* [Your objective] Without including any images, output the listing below exactly.
··· Collected data ···
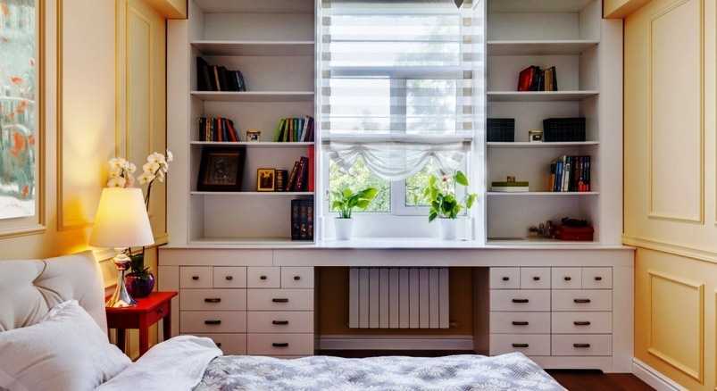 В спальне тоже можно устроить мини-кабинет или превратить место у окна в туалетный столик. Хорошая идея — продлить подоконник по всей стене: тогда на нём можно будет разместить и комнатные растения, и красивый декор.
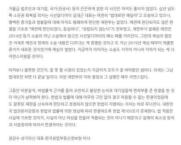 | ▲ 권강수 상가의신 대표이자 한국창업부동산정보원 이사는 지난 4월 1일 <세계비즈>에 기고한 칼럼에서 "그동안 비본질적, 비법률적 근거를 들어 오만하고 황당한 논리로 대기업들에 면죄부를 준 판결을 한 것이 아닌지 살펴봐야 한다"라고 일갈했다. |
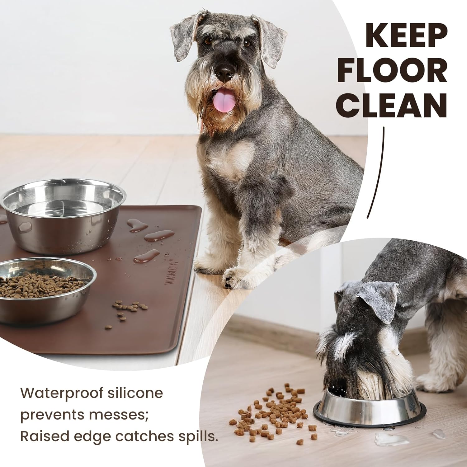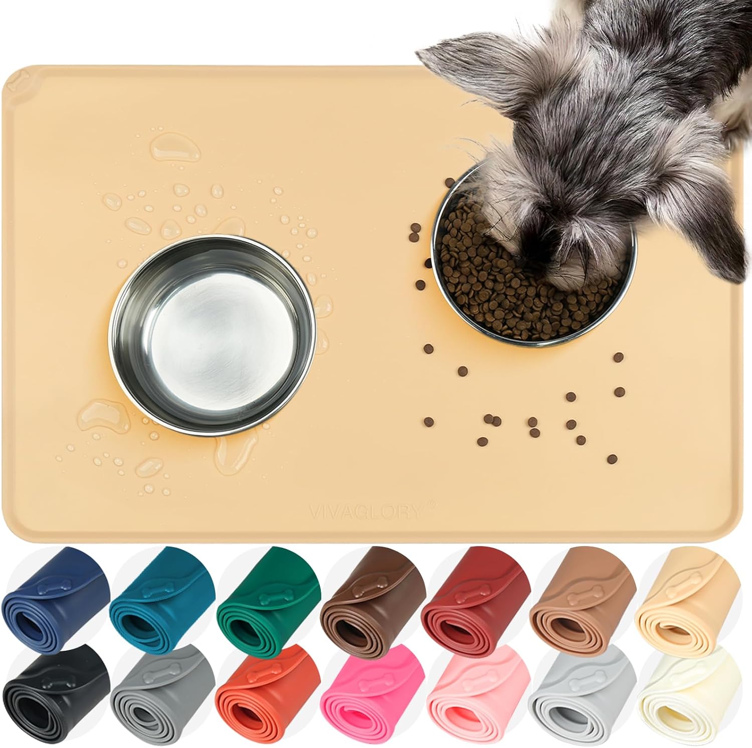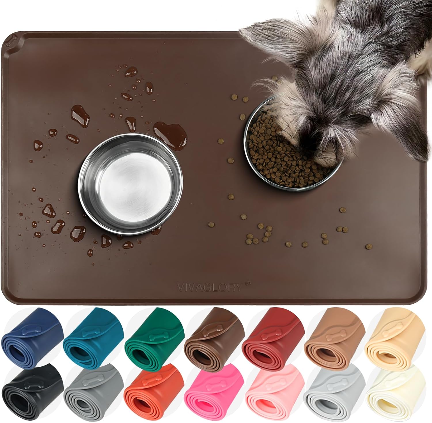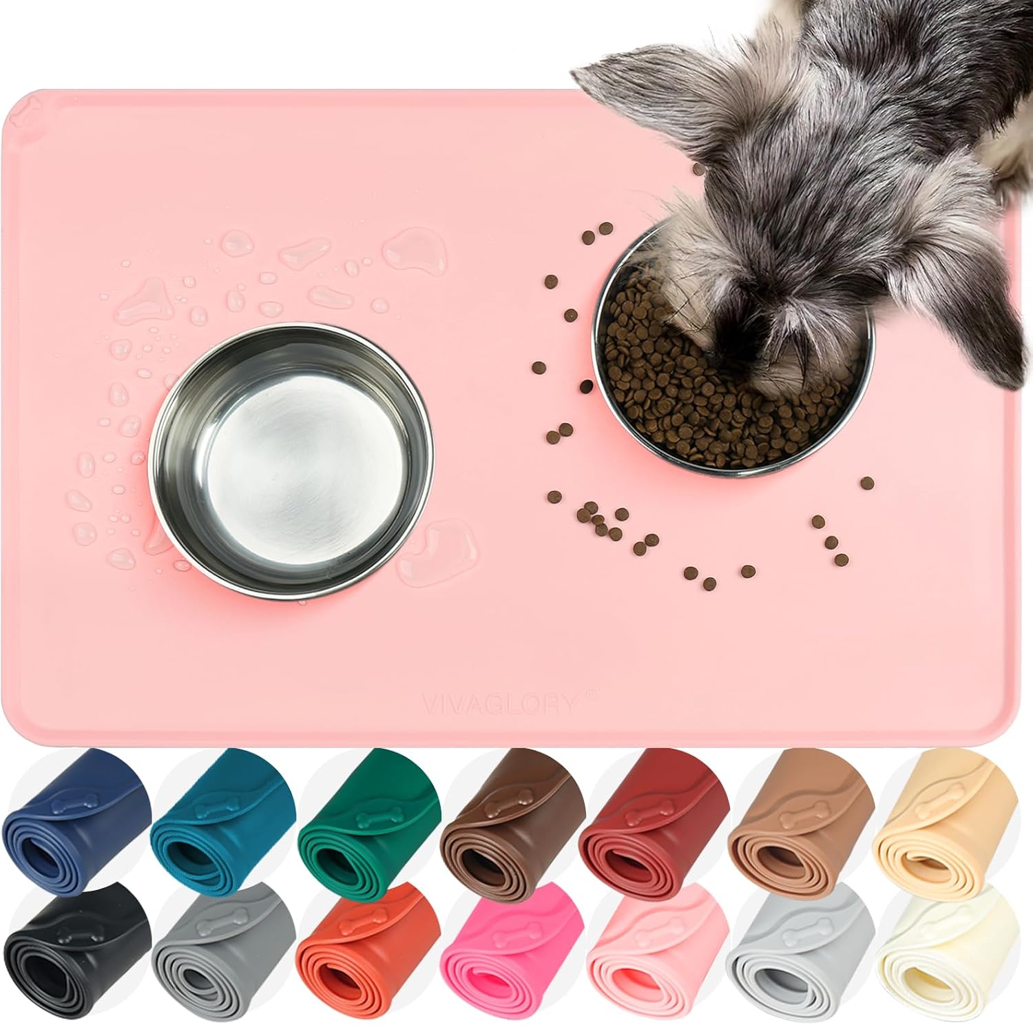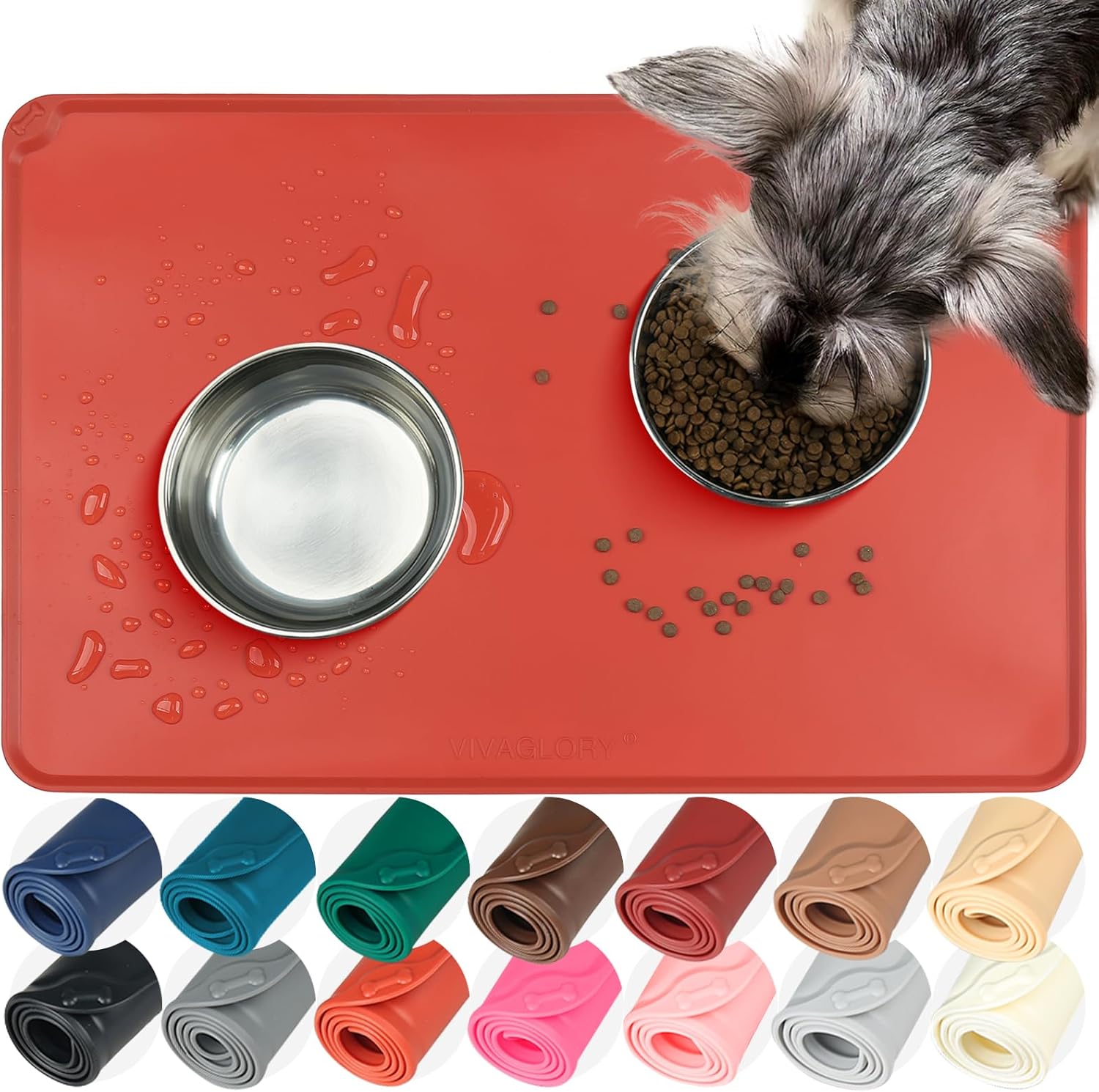 - Keeps Floors Clean: Say goodbye to messy floors! The VIVAGLORY flexible pet feeding mat is made from naturally waterproof and non-slip silicone, providing enhanced grip to reduce skidding during mealtime. Plus, the raised edge effectively catches spills, preventing them from spreading onto your floors and protecting against stains. This helps maintain a tidier feeding area. The dog placemat is available in two sizes: Small for 1-2 small bowls, Large for 1-2 medium or large bowls
···
* [Answer section]
 В спальне тоже можно устроить мини-кабинет или превратить место у окна в туалетный столик. Хорошая идея — продлить подоконник по всей стене: тогда на нём можно будет разместить и комнатные растения, и красивый декор.
 | ▲ 권강수 상가의신 대표이자 한국창업부동산정보원 이사는 지난 4월 1일 <세계비즈>에 기고한 칼럼에서 "그동안 비본질적, 비법률적 근거를 들어 오만하고 황당한 논리로 대기업들에 면죄부를 준 판결을 한 것이 아닌지 살펴봐야 한다"라고 일갈했다. |
 - Keeps Floors Clean: Say goodbye to messy floors! The VIVAGLORY flexible pet feeding mat is made from naturally waterproof and non-slip silicone, providing enhanced grip to reduce skidding during mealtime. Plus, the raised edge effectively catches spills, preventing them from spreading onto your floors and protecting against stains. This helps maintain a tidier feeding area. The dog placemat is available in two sizes: Small for 1-2 small bowls, Large for 1-2 medium or large bowls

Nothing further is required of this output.